He didn't sound angry when he spoke, just certain. "IPI
is responsible for so much blood. Now they seek to erase their past. They will
fall, before the end."

She gasped through the pain. "What past?"

Beleth increased the pressure on Lucy's chest with each
sentence. "Who do you think first noticed the paranormals, first contained
them when their powers lost control? Who do you think first experimented on
them to better learn what they are?"

As Beleth finished, he lifted his knee, and Lucy inhaled
deeply, each breath sending spirals of pain through her bruised ribs. She
coughed as air flooded her lungs.

Could IPI really have done all of that? Could they have been
like Rent-A-Kid?

Beleth towered over her. "You have a strong spirit,
stronger than most I've known. I do not care for Mr. Steele's offer, but I do
agree with him that you are an asset not to be wasted, so I'll make you my own
offer. Agent Simmons has set up a base on the other side of the island. She
appears to be your reinforcements. Likely, you know her. She's been with IPI
since nearly the beginning."

Lucy knew her, of course. She'd been with Morrison when they
showed up to help the Rent-A-Kids after they broke out of the school, and
Beleth was right, she was her reinforcement.

Beleth looked straight into Lucy's eyes. "Kill her.
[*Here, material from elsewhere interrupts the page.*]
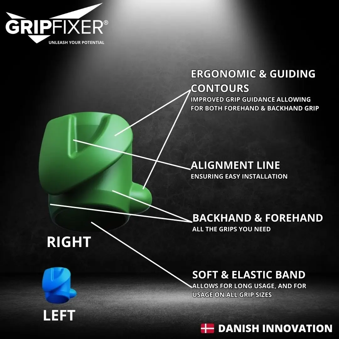 - SMART DESIGN | GripFixer is designed with the user in focus – so GripFixer can be attached in a matter of second – by everyone. GripFixer’s design allows you to switch between the grips (forehand and backhand grip), without having to stop and adjust the device manually. Therefore, you can use GripFixer continuously in regular play. The material is very soft, making it possible to use for extended periods of time. Furthermore, GripFixer is color-coded so it’s very easy to find the version you’re looking for – green is right hand, and blue is left hand.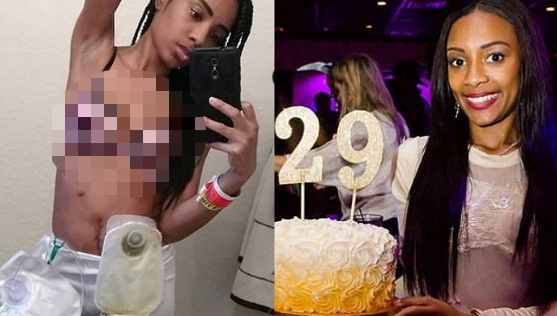 これまでにも計8回ほどの手術を受けた彼女は、尿バッグを腹部にぶら下げたまま生活しなければなりませんでした。

And
I'll let all the children go and spare your life... and your brother's."

Chapter 77 – Drake

 

Toby's finger twitched. Could that happen after death? It
did in movies sometimes, but what if....

Drake hurried over to the small boy and checked for a pulse.
Nothing. Defeat settled into him, but just as he was about to pull his hand
away from the boy's neck, he felt it. Small, sporadic, but definitely a pulse
of life.

"Toby, wake up. Toby, can you hear me?"

The boy moaned and coughed weakly, but didn't open his eyes
or acknowledge Drake in any other way. He needed to find a phone, call for
help. He searched the beaten down house until he spotted an old rotary phone in
the kitchen.

Who uses these anymore?
He picked up the receiver,
but it was dead. Toby's mom probably hadn't paid the bill in a long time, by
the looks of things.

Outside!
He'd passed a pay phone down the street.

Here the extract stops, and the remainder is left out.